--- START ---

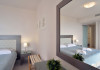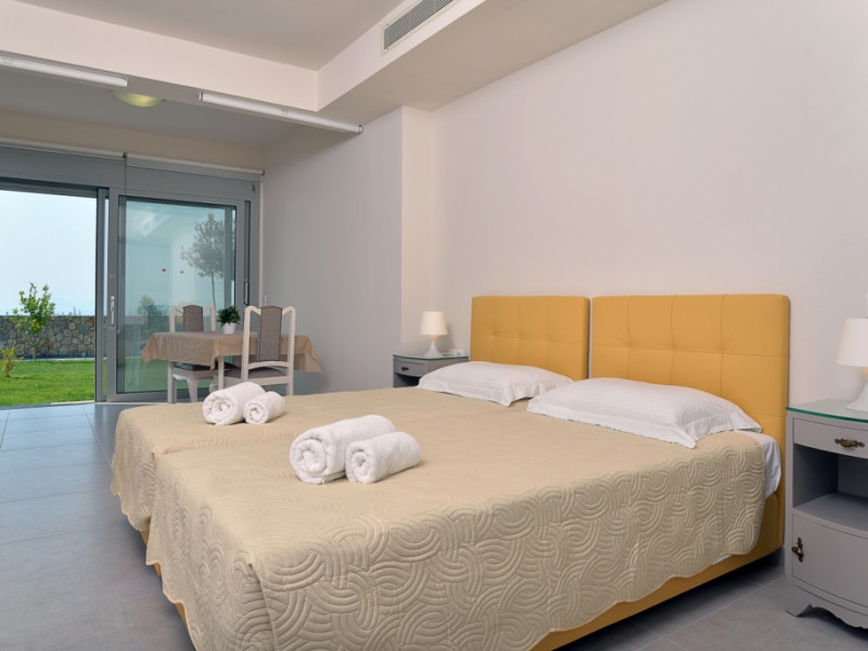 The ground floor of the villa features an ample living room with an open, modern and well – equipped kitchen and a spacious dining area. The living features two different spots for relaxation with modern, comfortable sofas while there is a great dinning table from which you can enjoy your meals with the view of Corfu that reaches Paxos Island. In this floor is one single bedroom and a spacious shower room which both meet all the regulations for people with disabilities. The patios and balconies surrounding the floor give a fantastic view of the garden and the amazing view the property has to offer.
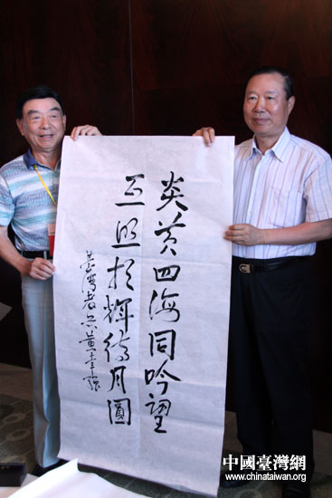来自台湾的黄幸强上将写下“炎黄四海同吟望 互照相辉待月圆”来表达两岸共同的愿景(中国台湾网 李徽 摄)
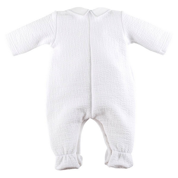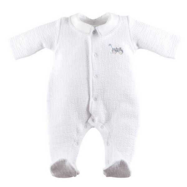 Luxe gewafeld jersey kruippakje met kraagje, het pakje is aan de voorkant versierd met een delicaat borduurwerk van Theophile & Patachou, de kraag is afgewerkt met een mooi blauw stiksel.
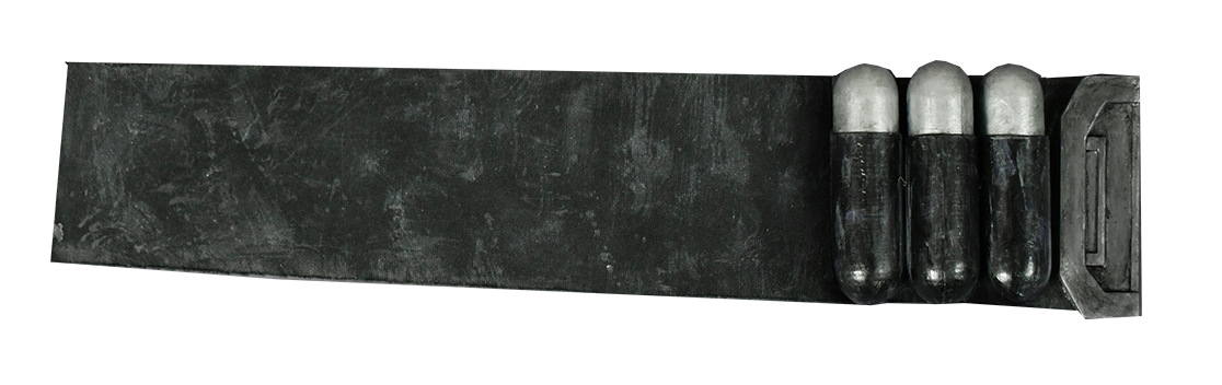 - 3 silver colored tubular containers with spherical ends inside of form fitting black containers sit on the outermost part of the band.
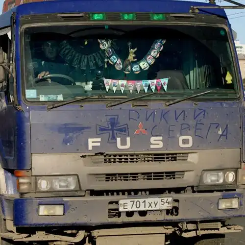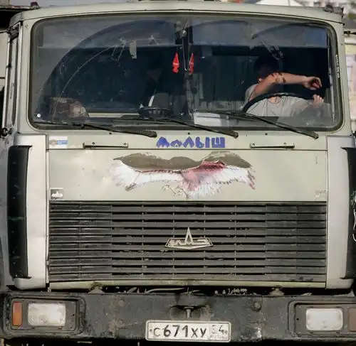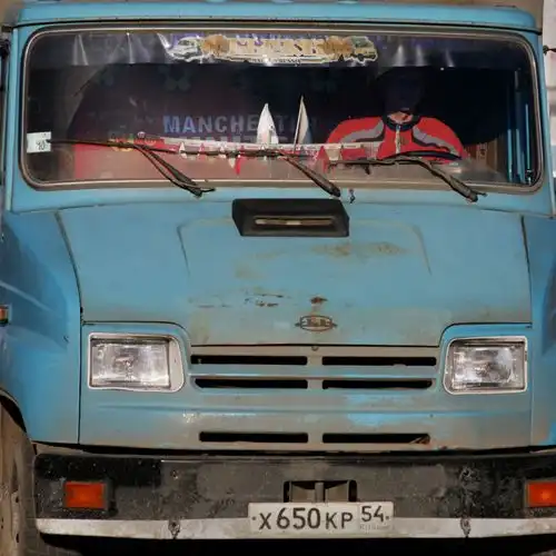 Подборка фотографий, запечатливших лица российских водителей за рулем их автомобилей, в основном грузовиков, где усталые лица людей соответствуют состоянию их техники.
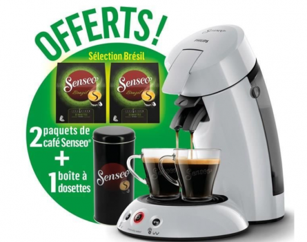 PHILIPS SENSEO Original HD6554/53 + boîte de rangement dosettes + 2 paquets de café Senseo Sélection Brésil offerts – Gris clair
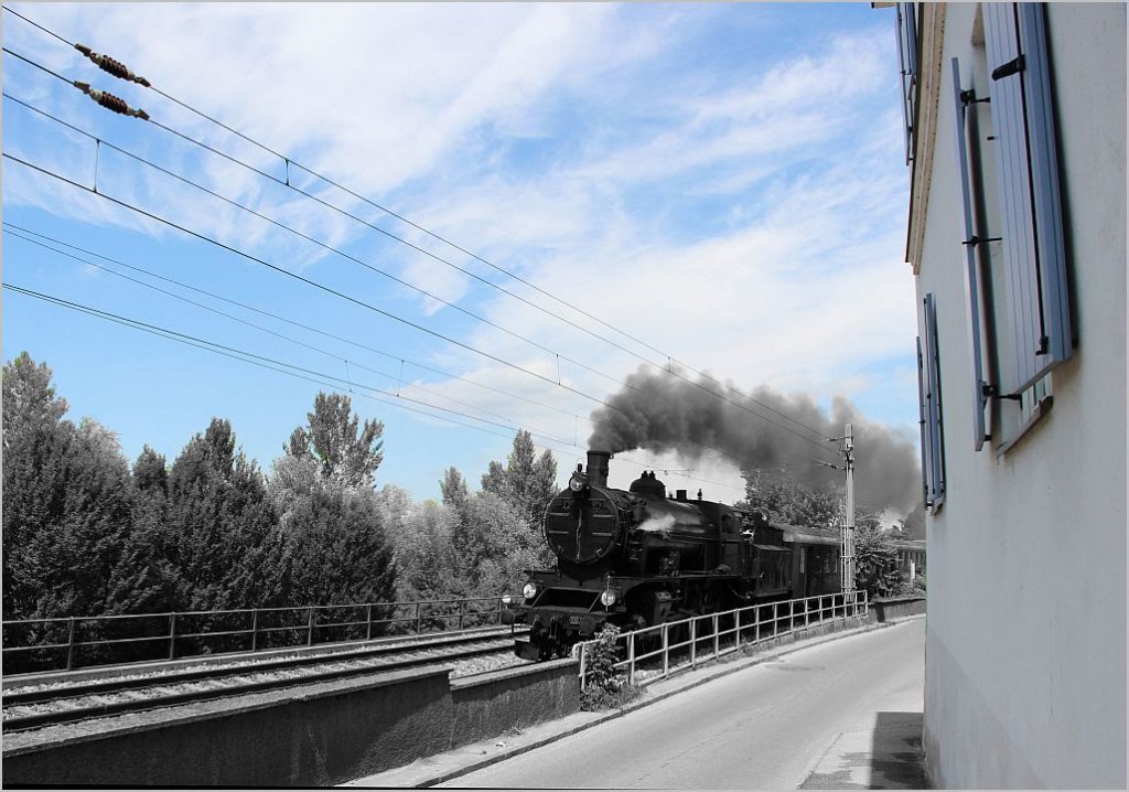 Das sommerliche Grün der Bäume sieht man oft genug - Daher wollte ich die schönen Farben weiß und blau mehr herausstechen lassen. Zur Sonnwendfeier in der Wachau ist die 109 13 von Wien Heiligenstadt nach Spitz/Donau unterwegs und durchfährt hier Greifenstein. 23.6.12
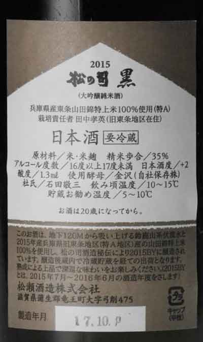『松の司』通常商品のフラッグシップである“黒”。酒米栽培の特A地区である兵庫県産東条山田錦を35%まで精米し、酵母は熊本酵母主体のものを使用。
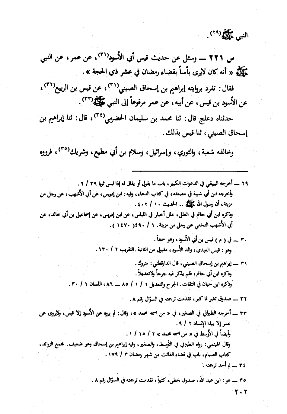 221- وَسُئِلَ عَنْ حَدِيثِ قَيْسٍ أَبِي الْأَسْوَدِ، عَنْ عُمَرَ، عَنِ النَّبِيِّ صَلَّى اللَّهُ عَلَيْهِ وَسَلَّمَ؛ أَنَّهُ كَانَ لَا يَرَى بَاْسًا بِقَضَاءِ رَمَضَانَ فِي عَشْرِ ذِي الْحِجَّةِ.
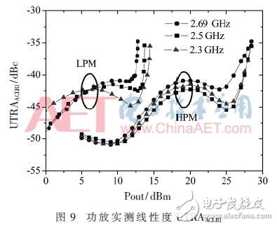 圖9為功放工作在HPM和LPM時的線性度(UTRAACLR1)圖。從圖中可知,在HPM時,輸出28 dBm時,頻帶內(nèi)線性度UTRAACLR1全都低于-36 dBc,可知在HPM時滿足4G系統(tǒng)的線性指標UTRAACLR1必須小于-33 dBc的要求。在LPM時,輸出12.5 dBm時,頻帶內(nèi)線性度UTRAACLR1全都低于-36 dBc。
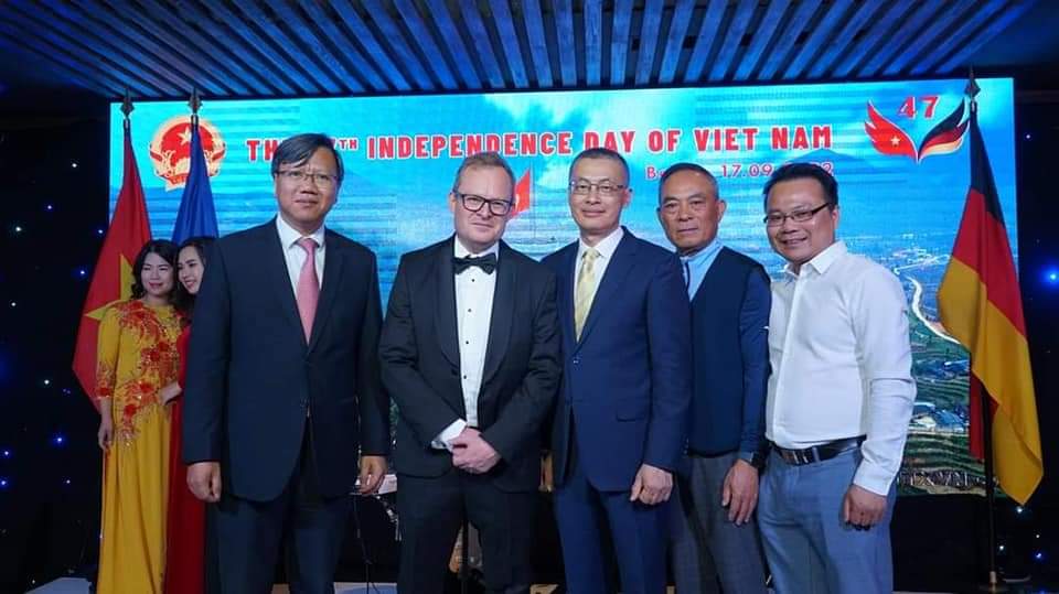 Kỷ niệm 77 năm ngày Quốc khánh 02.09.2022 cùng với Đại sứ đặc mệnh toàn quyền CHXHCN Việt Nam tại Đức,ông Nguyễn Văn Hiền, TGĐ TTTM Đồng Xuân Berlin, ông Lê Quang Long Tổng lãnh sự quán Việt Nam tại Frankfurt và Mr. Ludwig Westarp, Đại diện Hội doanh nghiệp vừa và nhỏ Đức tại Việt Nam. Ảnh nvcc |
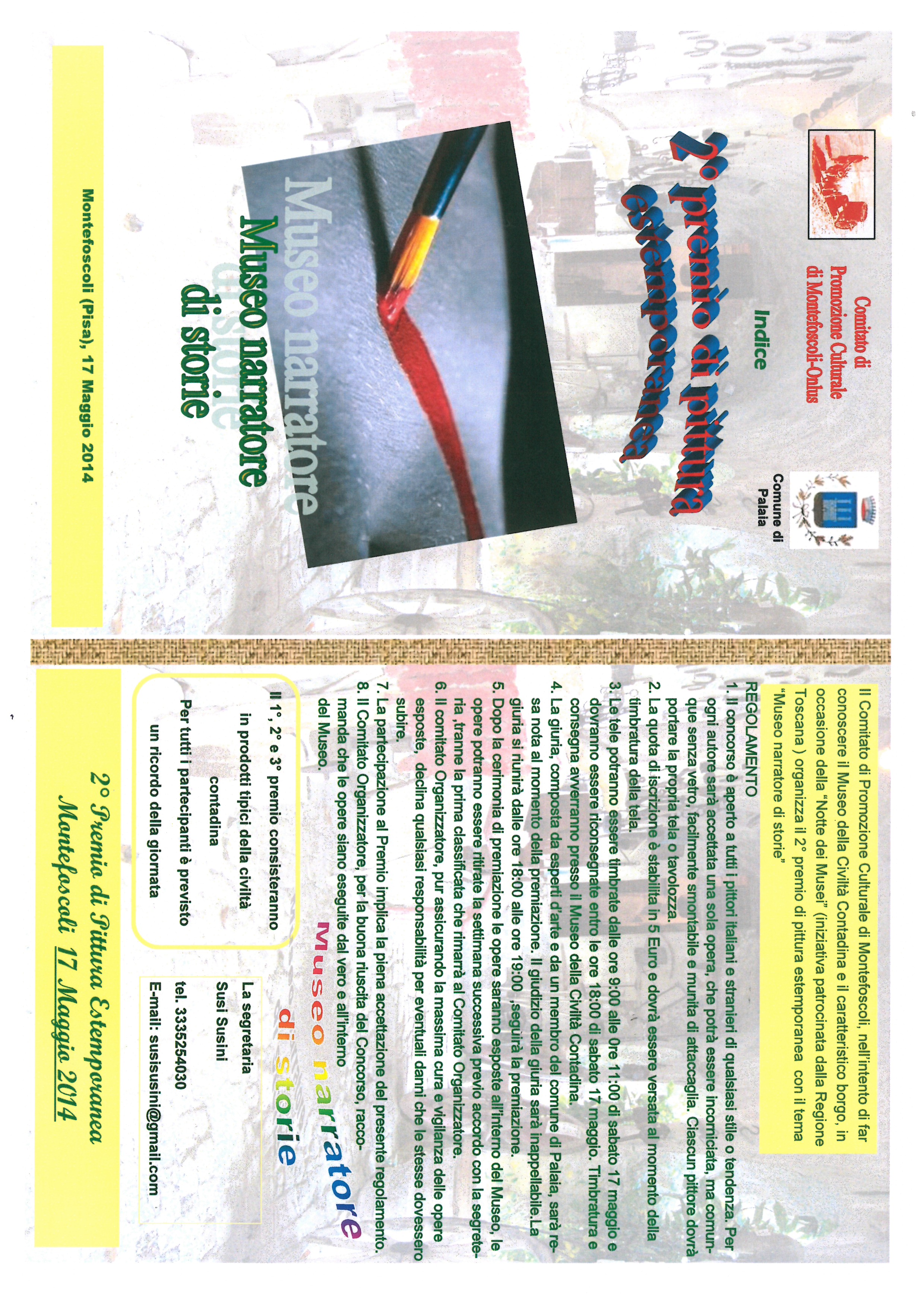 IL COMITATO PROMOZIONE CULTURALE, NELL'INTENTO DI FAR CONOSCERE IL MUSEO DELLA CIVILTA' CONTADINA E IL CARATTERISTICO BORGO, IN OCCASIONE DELLA NOTTE DEI MUSEI ORGANIZZA IL 2° PREMIO DI PITTURA ESTEMPORANEA CON IL TEMA " MUSEO NARRATORE DI STORIE"
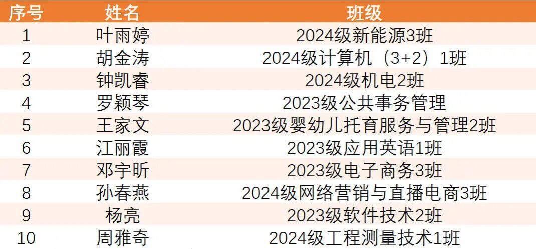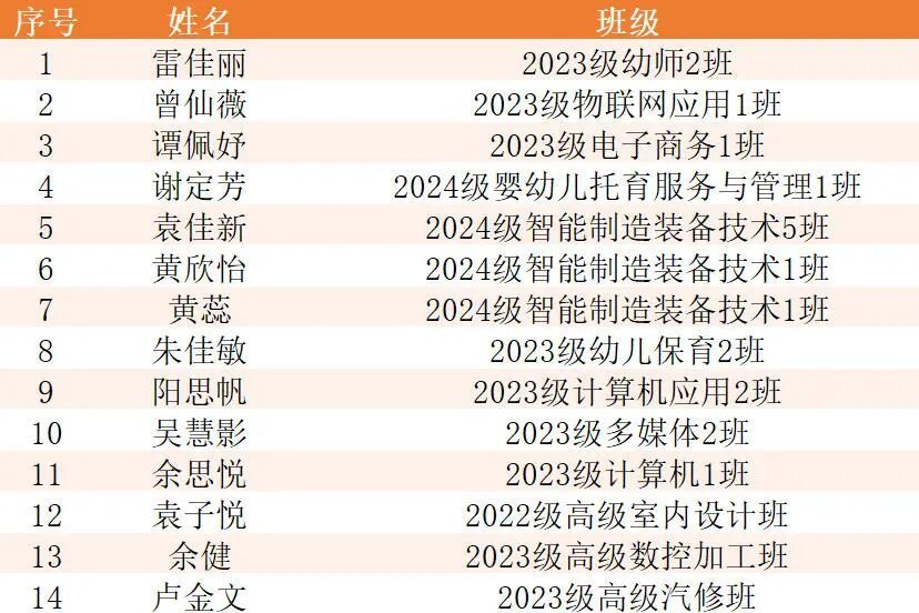 近日,教育部、人力资源社会保障部相继发布《教育部关于2024—2025学年度本专科生国家奖学金获奖学生名单的公告》及《教育部 人力资源社会保障部关于2024—2025学年度中等职业教育国家奖学金获奖学生名单的公告》。学校共有24名学子经过严格选拔,凭借优异的综合素养和突出的成长实绩脱颖而出,荣获该项国家级荣誉。其中,高职学生10名,中职学生14名。

--- END ---

What the task asks: Your answer should consist of the lines above between those holding "- 3 silver colored" and "Подборка фотографий, запечатливших", inclusive, reproduced word for word and without pictures.

Answer to the problem:
 - 3 silver colored tubular containers with spherical ends inside of form fitting black containers sit on the outermost part of the band.
 Подборка фотографий, запечатливших лица российских водителей за рулем их автомобилей, в основном грузовиков, где усталые лица людей соответствуют состоянию их техники.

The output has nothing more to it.